▶ Task goal
Lines below that hold the word "Grozny" must be copied in full.

▶ Data to use
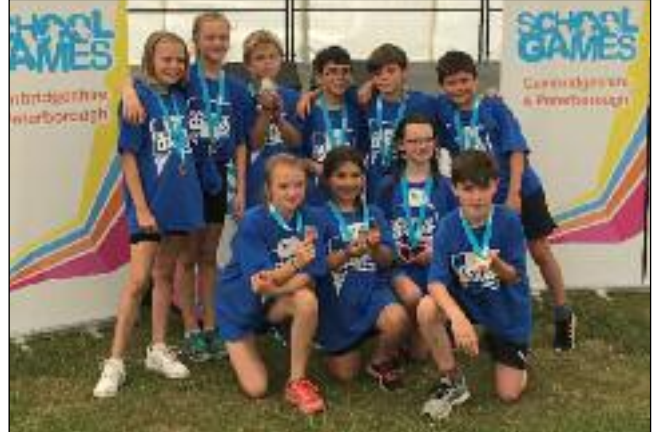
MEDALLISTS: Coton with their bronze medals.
...
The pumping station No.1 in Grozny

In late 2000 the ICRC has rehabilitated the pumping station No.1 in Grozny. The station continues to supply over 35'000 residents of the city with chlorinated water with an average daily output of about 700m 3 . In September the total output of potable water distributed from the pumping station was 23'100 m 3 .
* * *
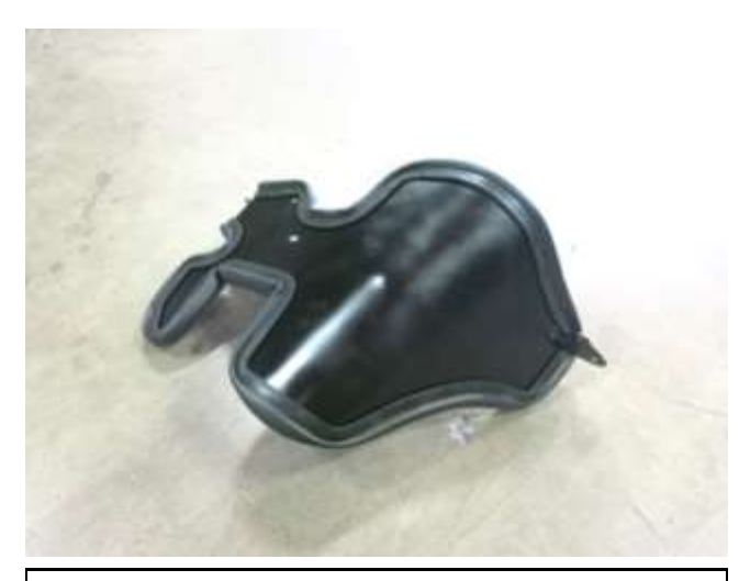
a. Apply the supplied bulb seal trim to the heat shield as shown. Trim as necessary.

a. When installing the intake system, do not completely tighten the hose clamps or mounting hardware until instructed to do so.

▶ Task answer
The pumping station No.1 in Grozny
In late 2000 the ICRC has rehabilitated the pumping station No.1 in Grozny. The station continues to supply over 35'000 residents of the city with chlorinated water with an average daily output of about 700m 3 . In September the total output of potable water distributed from the pumping station was 23'100 m 3 .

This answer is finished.